Here is a listing, set out below; repeat its lines from the one with "A pixel art" to the last, both included, and leave out the pictures.

━━ MATERIAL TO PROCESS

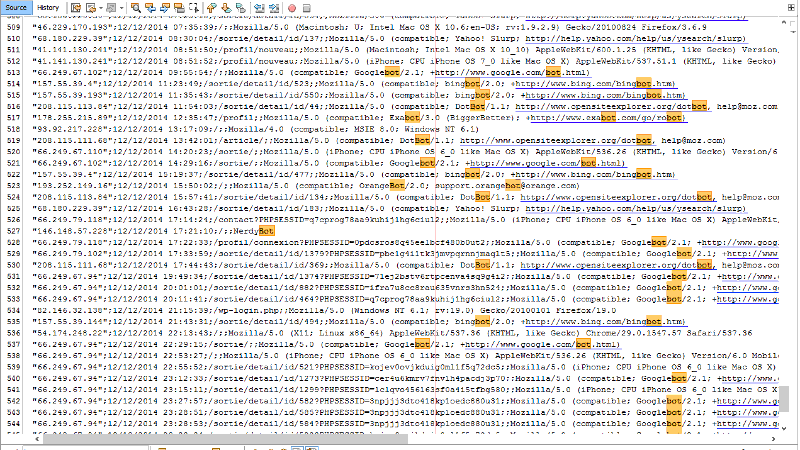La "signature" de ces robots d'indexation apparaît dans le dernier champ, celui où nous enregistrons le user-agent, c'est à dire le navigateur utilisé par le visiteur:
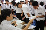 学校長らによる説明会の後、校舎見学、30分間の模擬授業、部活動見学などを体験してもらいました。
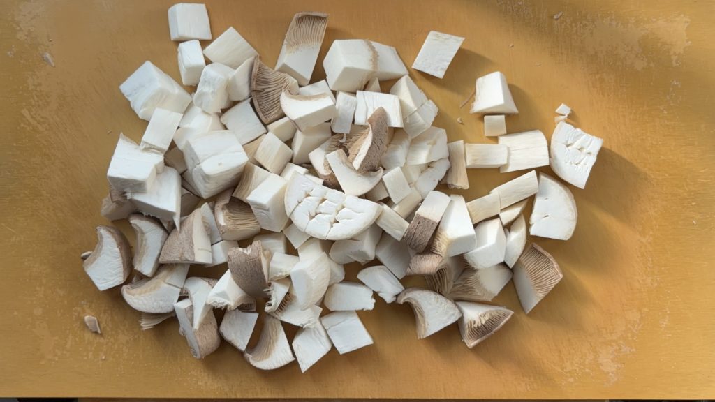 ほくほくと自然な甘みのじゃがいも、旨みの詰まった大豆、そしてほんのり土っぽさを残すエリンギがそれぞれの個性を保ちつつ、カレーの風味をまとって調和します。
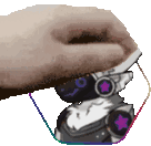 A pixel art sticker featuring a hand gently patting a small, cute toy robot, associated with CR Gamer501 and Pat Pat.
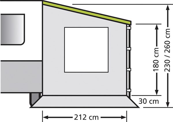 Paroi latérale universelle pr Caravanstore avec fenêtre Avancée 225 cm
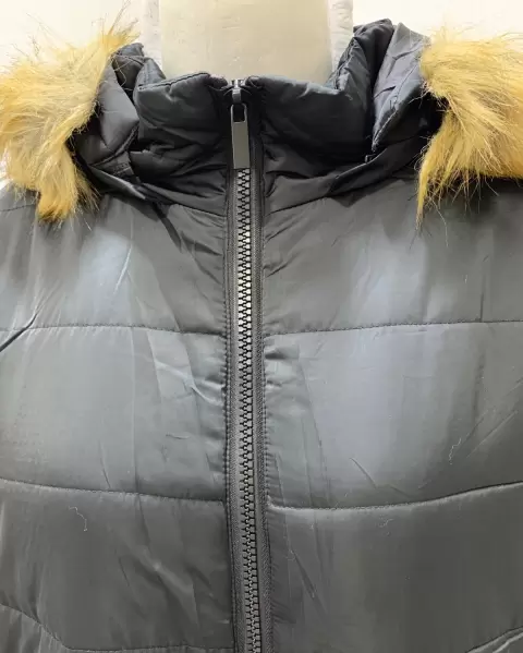 Chamarra larga negra. Chamarra larga con gorro, el gorro tiene peluche totalmente desmontable. Es talla M y es de maternidad. Totalmente nueva con etiqueta.
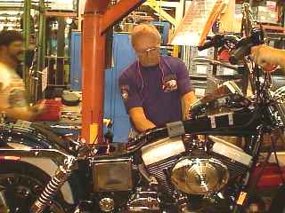 The final assembly is performed using two methods. The Soft Tails, the Dyna Glides and the FL class bikes are made on the "Dyna" line, where Snyder works. This line runs on a team concept started here in 1992, making the Sportsters, and shifted to the larger bikes when assembly of Sportsters was moved to Kansas City earlier this year.

━━━━

_RESPONSE TO THE EXERCISE_
 A pixel art sticker featuring a hand gently patting a small, cute toy robot, associated with CR Gamer501 and Pat Pat.
 Paroi latérale universelle pr Caravanstore avec fenêtre Avancée 225 cm
 Chamarra larga negra. Chamarra larga con gorro, el gorro tiene peluche totalmente desmontable. Es talla M y es de maternidad. Totalmente nueva con etiqueta.
 The final assembly is performed using two methods. The Soft Tails, the Dyna Glides and the FL class bikes are made on the "Dyna" line, where Snyder works. This line runs on a team concept started here in 1992, making the Sportsters, and shifted to the larger bikes when assembly of Sportsters was moved to Kansas City earlier this year.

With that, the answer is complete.